As much as I love cupcakes, I don’t make them very often. It’s the frosting thing. I have no patience for it. Luckily, I can usually recruit Quinn to take on that task. He was glad to do it in exchange for some of the scooped out cupcake remnants.

The chocolate cupcakes topped off with that dark chocolate frosting would be enough. Add in the salted caramel filling, and these cupcakes are transformed into something fantastic. They are a bit labor-intensive, but trust me when I say that they are worth every minute.
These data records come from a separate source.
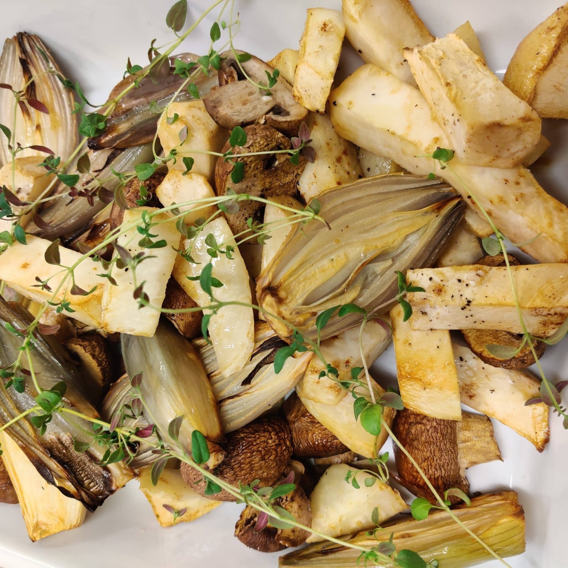 Øl braiseret dansk gris med bbq og karamelliserede selleri og skalotter med timian.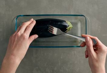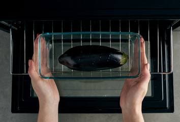 Troubu vyhřejeme na 200 °C. Lilek propícháme vidličkou.
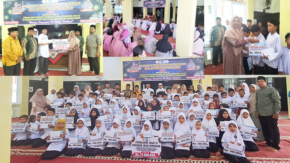 MINANGKABAUNEWS, PARIAMAN — Pendidik dan Tenaga Kependidikan (PTK) SD se-Kecamatan Pariaman Timur Kota Pariaman salurkan Tahap IV Program Infak Mingguan Kepada anak yatim dan kurang mampu, sekaligus Penutupan Pesantren Ramadhan 1445 H/2024 M SD se-Kecamatan Pariaman Timur, di Mesjid Baiturahhim Desa Talago Sariak, Kecamatan Pariaman Timur, Rabu (3/4/2024).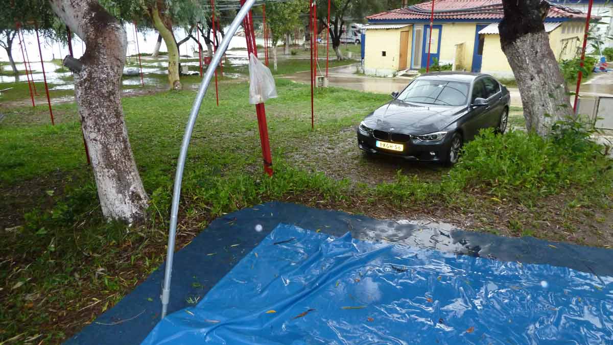 This morning after breakfast, all the stuff from the tent into the car and boat. Cockpit sail of the tent was very nasty at the bottom so had to clean it. Around 1.15 p.m. we were ready and after showering and say goodbye to the other 2 camping guests departed from Dessimi Beach. Via inner roads to Ioannina and from there along the highway to the North-East. Ended up in Hotel Maison in Chalkidona which we also visited on the outward journey . There are still a few rented rooms but very quiet compared to August; the bar we have for ourselves. Tomorrow to Serbia.

Yield: 56-60 mini cupcakes

Prep Time: 45 minutes

Cook Time: 30 minutes

For the cupcakes:

  • 1 & 1/2 cups all-purpose flour
  • 3/4 cup unsweetened Dutch-process cocoa powder
  • 1 & 1/2 cups granulated sugar
  • 1 & 1/2 teaspoons baking soda
  • 3/4 teaspoon baking powder
  • 3/4 teaspoon salt
  • 2 large eggs
  • 3/4 cup buttermilk
  • 3 tablespoons vegetable oil
  • 1 teaspoon vanilla extract
  • 3/4 cup warm water
  • sea salt, for garnish

For the filling:

  • 2 & 1/2 cups sugar
  • 2/3 cup water
  • 1 tablespoon light corn syrup
  • 3/4 cup heavy cream
  • 2 & 1/2 teaspoons sea salt

For the frosting:

  • 1/2 cup plus 1 tablespoon unsweetened Dutch-process cocoa powder
  • 1/2 cup plus 1 tablespoon boiling water
  • 2 & 1/4 cups unsalted butter, room temperature
  • 3/4 cup confectioners’ sugar, sifted
  • 1/4 teaspoon salt
  • 1 & 1/2 pounds semi-sweet chocolate, melted and cooled

Directions:

To make the cupcakes:

  1. Preheat oven to 350°. Line mini muffin pans with paper liners.
  2. Whisk together flour, cocoa, sugar, baking soda, baking powder, and salt. Add eggs, buttermilk, oil, vanilla, and water. Using an electric mixer on low speed, mix until smooth.
  3. Fill muffin pans about 2/3 full. Bake about 15 minutes, or until a toothpick inserted in the center comes out clean. Cool in pans on wire racks about 10 minutes. Remove cupcakes to wire racks to let cool completely.
  4. Cupcakes can be stored overnight at room temperature or frozen in an airtight container for up to a month.

To make the filling:

  1. Heat sugar, water, and corn syrup in a heavy saucepan over high heat. Stir occasionally until syrup is clear. Attach a candy thermometer to side of pan. Stop stirring, and cook until syrup comes to a boil, washing down sides of pan with a wet pastry brush as needed.
  2. Boil, gently swirling pan occasionally, until mixture is caramelized and temperature just reaches 360°.
  3. Remove from heat. Slowly pour in cream and stir with a wooden spoon until smooth. Stir in sea salt. Use immediately. If caramel begins to harden, reheat gently until pourable.
  4. Use a paring knife, cut a cone-shaped piece, about 1/2-inch deep, from the center of each cupcake. Spoon 1-2 teaspoons of warm filling into each cupcake. Sprinkle a pinch of sea salt over filling.

To make the frosting:

  1. Combine cocoa and boiling water. Stir until cocoa has dissolved.
  2. Using an electric mixer on medium-high speed, beat butter, confectioners’ sugar, and salt until pale and fluffy. Reduce speed to low and add melted and cooled chocolate. Beat until combined. Beat in cocoa mixture.
  3. Frosting can be refrigerated up to 5 days or frozen up to 1 month. Bring to room temperature and beat on low speed until smooth before using.
  4. Fit a pastry bag with a medium open-star tip (Wilton #18). Fill pastry bag with frosting. Pipe onto cupcakes, swirling tip and releasing as you pull up to form a peak. Garnish with a pinch of sea salt.
  5. Cupcakes are best eaten the day they are filled and frosted. Store at room temperature in an air-tight container until ready to serve.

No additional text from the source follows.